Pages

Thursday, May 6, 2010

Forty Years Ago Today in Brooklyn: May 6, 1970: Brooklyn College reacts to Kent State


From our diary:

Wednesday, May 6, 1970

A cold, hairy day. I relaxed for a change this morning. I did pass by Midwood [High School, our alma mater], which was on strike. When I did get on campus after 2 p.m., I went to the office and did some work. We'll have to postpone, or as things turned out, cancel the elections.

Paul and I went to a crammed meeting of concerned faculty who voted to strike indefinitely. The black and Puerto Rican students want the school kept open, however.

I was in the liberated President's office when a bomb threat call was received, and Boylan Hall was evacuated.
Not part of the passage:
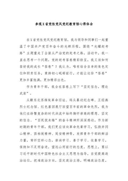 【七哥公文】2024年:参观X省党性党风党纪教育馆心得体会+更多免费公文+VX:QiGeGongWen2024

Meeting were held everywhere: Student Government in SUBO, strike steering committee at Whitman, blacks at Roosevelt.

Kneller called the Concerned teachers "unrepresentative" but called off classes for the rest of the week. We had to lock our office so that it won't be taken over.

Things are pretty confused. Strikes are going on all over the country and there's a Washington demonstration scheduled for this weekend. Various people around the campus that I've been speaking to - Richard Pontone, Esther, Mitch and others - are not sure of what's happening, and neither am I.
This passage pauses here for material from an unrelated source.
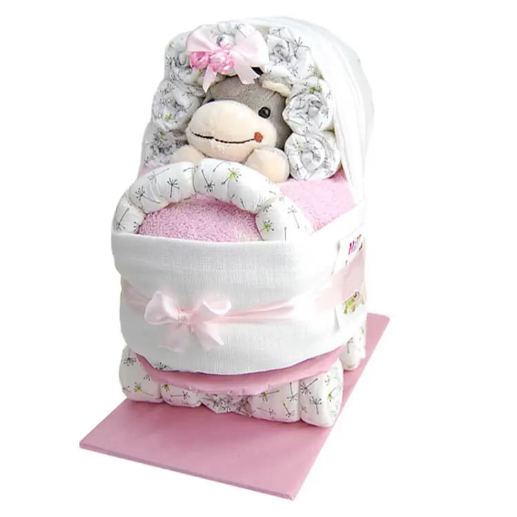 Windeltorten für Mädchen lassen sich besonders schön mit süßen Dekorationen wie Schleifen, Blumen und Kuscheltieren verzieren. Hier sind ein paar Ideen für Windeltorten für Mädchen:

Dad's Bronx store [on Fordham Road] was closed due to the Fordham demonstrations.

The New York Times the next day featured a story by McCandlish Phillips, "City High Schools Join in Protests," which began
Demonstrations, protests and boycotts hit at least 20 of the city's 90 public high schools yesterday.
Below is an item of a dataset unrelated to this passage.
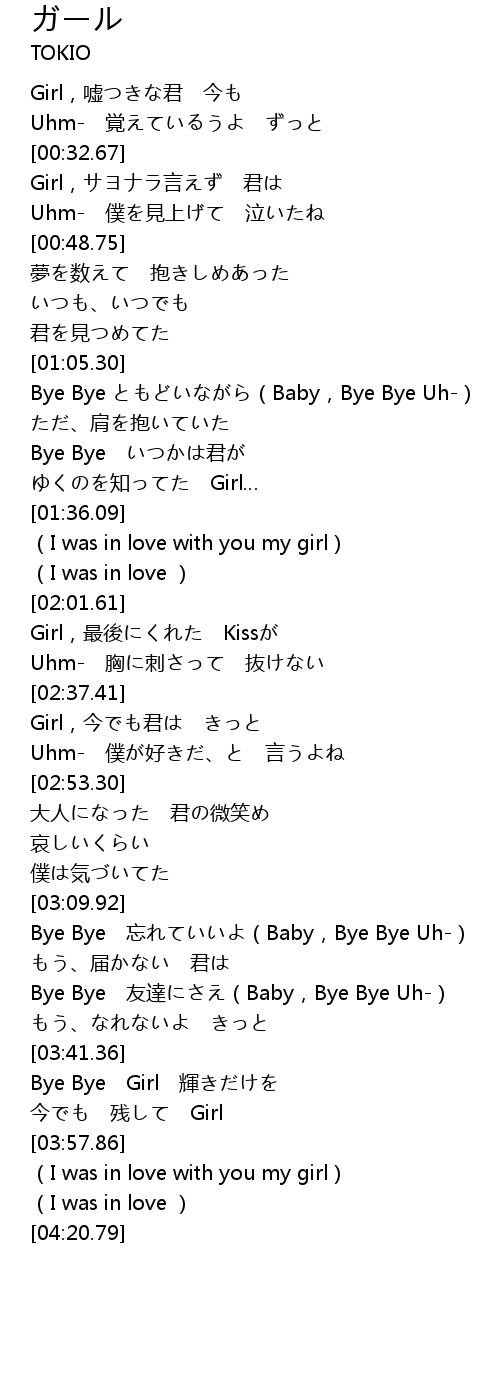 | [00:17.06] | Girl,嘘つきな君 今も |

Thousands of students reacted with anguish or anger to the military sweep into Cambodia and to the deaths of four Kent State University students, shot by National Guardsmen at the school on Monday. . .

High schools situated near college campuses were the most heavily affected. . . Lines of pickets from Brooklyn College formed outside Midwood High School in Brooklyn, affecting attendance there. About 1,500 students from Brooklyn Technical High School went to the Long Island University auditorium on the downtown Brooklyn campus, at the invitation of L.I.U. students.